Cancer and EA/TEF have brought so much sorrow and challenge and change to my life, have cost so much time and stress and other things I can never reclaim, but I have to admit that the ways they have changed me personally have made me a more compassionate person. More chill on the small stuff, more grateful in the mundane tasks of motherhood, more aware of others' feelings and the precious time with loved ones, more inclined to apologize quickly and much less inclined to take offense or care about petty things. If I could, I would eradicate these cursed diseases from the world, and if I could, I would wish every person on earth the perspective they have brought me. Wishing everyone a day full of love and opportunities to change the world a little bit for the better.

Thursday, January 12, 2017

When Sniffles are Actually Just the Sniffles

She's home with the sniffles today, so extra snuggles and play time are in order. Audrey says Cosmo wanted to go to the ball but then he found out only girls were allowed, so he went in disguise.  Silly Cosmo!

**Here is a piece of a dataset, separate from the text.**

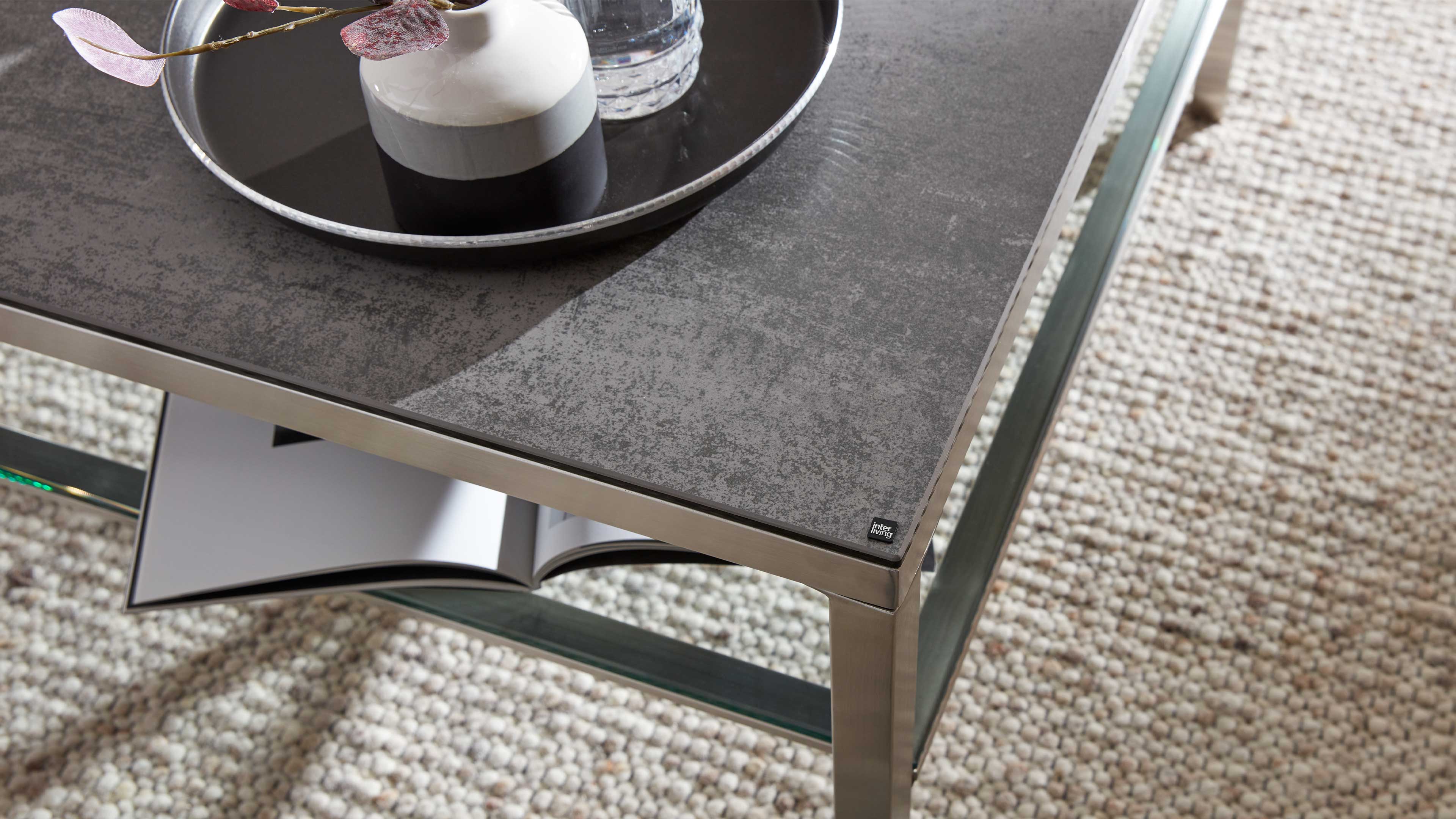 Quadratischer Couchtisch mit dunkler Keramikplatte, Edelstahlgestell und Glasebene

Although Cosmo discovered that there are no footballs at royal balls, Audrey did discover that the word B-A-L-L is found inside the names of many sports. She practiced her letters and sounds today with me playing a cute Cosmo version of hangman on the website CosmoCougar.com. She also learned her vowels, which letters are most common in English words, and which letter always comes after an apostrophe.

There's a saying among special needs parents, that with our kids, a cold is not just a cold, the sniffles are not just the sniffles.  So many of us have seen what is "just a cold" turn into hospitalizations and worse. We've been there and done that too, so it is with no small humility I say: What you see is a little girl with actual normal little sniffles.  And this, friends, is huge.


She has had the healthiest winter EVER so far.  She even weathered a one day stomach virus at Disney over winter break when we traveled to Orlando for the first time thanks to a very special gift, spent just one day with extra fatigue and needing a stroller, heaving up saliva once in a while for a couple hours but nothing much beyond what other kids deal with.  Don't worry, we took it very easy that day and were careful not to expose others.  With a large family and traveling with extended family sometimes we have to adapt when things are less than ideal, and she was a sweetheart and mostly watched things from her stroller that day snuggling with her blankie or in our arms. And then after an early night's sleep she got her energy back, moved on  with the vacation and had a marvelous time.  It's the first time we've gone on a long airplane trip without bringing a stroller, and her strength and sparkling energy were absolutely inspiring to me. Without her recent surgery, particularly the posterior tracheopexy and the work on her lungs, we'd probably be singing a different song. Feeling thankful in innumerable ways.



Having a blast in bustling Hogsmeade 
at Universal Studios



I've always wanted to see this
lit up for Christmas.
It was just as magical as I'd
imagined.
Ready to ride the Hogwarts Express!

 
 All set for their surprise morning flight to Disneyworld!


On the shuttle to head back for a break and go swimming!

Annnnnnnnd back to reality.  But full of cozy memories!